Polozie stresses that data has no boundaries and even if a business is headquartered in a state that doesn’t have a specific data privacy law for consumers (for example), businesses should still consult a privacy attorney to see what laws could apply to them.
“In New York, we always have legal obligations to secure and safeguard our data, but then there could be additional consumer rights that could apply,” she said. “Depending on how local or national or global your product or your business is it’s really going to change the regulatory landscape for you and specifically if your product is in a sector that is protected, like children or health care.”

Eliza P. Shea is a partner in the Corporate and Securities Practice Teams at Lippes Mathias LLP where she concentrates her practice on the representation of private companies in all stages of the growth cycle, including start-ups, which she says should be mindful of regulations and laws that may apply to them from the start.
“The way that they form the company from the beginning is really important,” Shea said. “We see people not engaging lawyers and trying to do it on their own and then having to unwind it a lot.

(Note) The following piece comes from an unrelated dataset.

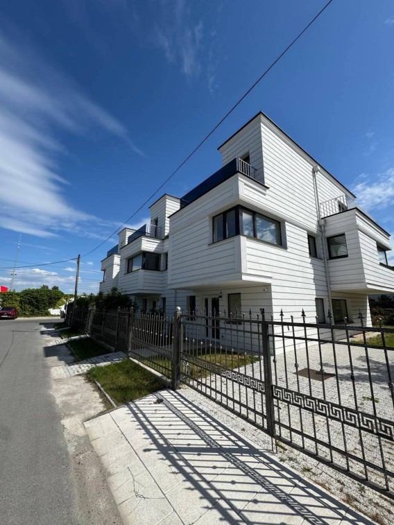 Zur Auswahl stehen drei moderne Reihenhäuser mit identischer, klarer Architektur und hochwertiger weißer Fassadenverkleidung. Jedes Haus erstreckt sich über drei Etagen, verfügt über einen eigenen Balkon sowie eine stilvolle, bereits eingebaute Küche. Die großzügigen Fensterfronten sorgen für helle Wohnräume und unterstreichen das zeitgemäße Designkonzept.Der gepflegte, umzäunte Vorgarten mit gepflastertem Zugang schafft eine angenehme Privatsphäre. Alle Häuser befinden sich an einer ruhigen Anliegerstraße und bieten ein familienfreundliches Umfeld. Ein modernes schwarzes Metallzaunsystem rundet das harmonische Gesamtbild stilvoll ab. Ideal für Familien oder Stadtmenschen mit Anspruch auf modernes Wohnen.
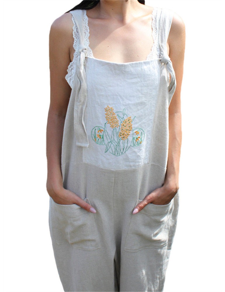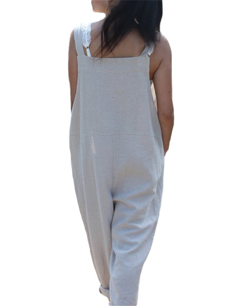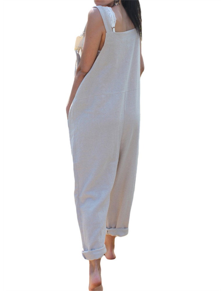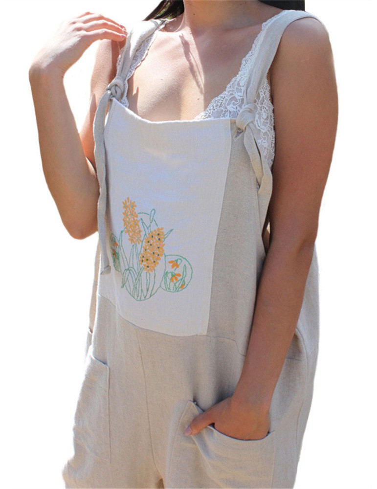 Print Pockets Wide Leg Harem Straps Jumpsuit

There are a lot of tax considerations so being mindful of the requirements and making sure that you engage a lawyer and an accountant early in the process is really important.”
In times of economic and regulatory uncertainty the support of a strong advisory team is especially important, Shea notes.
“I would say right now, given all of the uncertainty, it’s really important to have good advisors – a good accountant who’s going to be able to keep you up to date on what’s going on and a good lawyer who’s going to be able to keep you up to date on what’s going on from the other end,” Shea said.
She recommends looking for a law firm with a diverse and robust corporate practice group and suggests subscribing to e-newsletters published by trusted law and accounting firms to stay up to date with laws and regulations that could impact your business or industry.

On-again-off-again tariffs are a timely regulatory issue that Steven Y. Solomon, a partner at Harter Secrest & Emery LLP, is monitoring closely. Solomon’s clients tend to have staff sizes ranging from a handful of employees to 150 and come from a wide swath of industries.
“Tariffs either impact or potentially impact a large portion of my client base,” Solomon said. “Certainly I have some clients that for the most part are not going to be impacted just by the nature of what they’re doing, but even if your business isn’t one that imports products or imports materials that might be subject to a tariff, you still have consumers who might be worried about the impact of the tariffs on their pocketbook and therefore may be buying less.”
Solomon has seen businesses in some industries like construction pre-ordering inventory for themselves or their customers to get ahead of potential tariffs, but that’s not always possible due to access to capital or other issues.
“Try and focus on your business,” Solomon said. “If you know there is something that you can do on a preventative scale like purchasing materials look into it, but don’t get frantic about it.”
He recommends that if your business has enough personnel, it could be helpful for someone to act as a point person to help monitor tariffs or any other trending regulatory issue of interest.
“And take advantage of your advisors,” Solomon said. “I don’t say that as a selling point for lawyers. Don’t be afraid to call your accountant, your insurance agent, your payroll company, your attorney and say, ‘I heard of a new regulation out there, am I supposed to be doing something with my employees?’”
Solomon says smaller businesses may be reluctant to spend money pre-emptively, but a small amount of money to talk to an advisor for half an hour could end up saving them tens of thousands of dollars down the road.
Caurie Putnam is a Rochester-area freelance writer.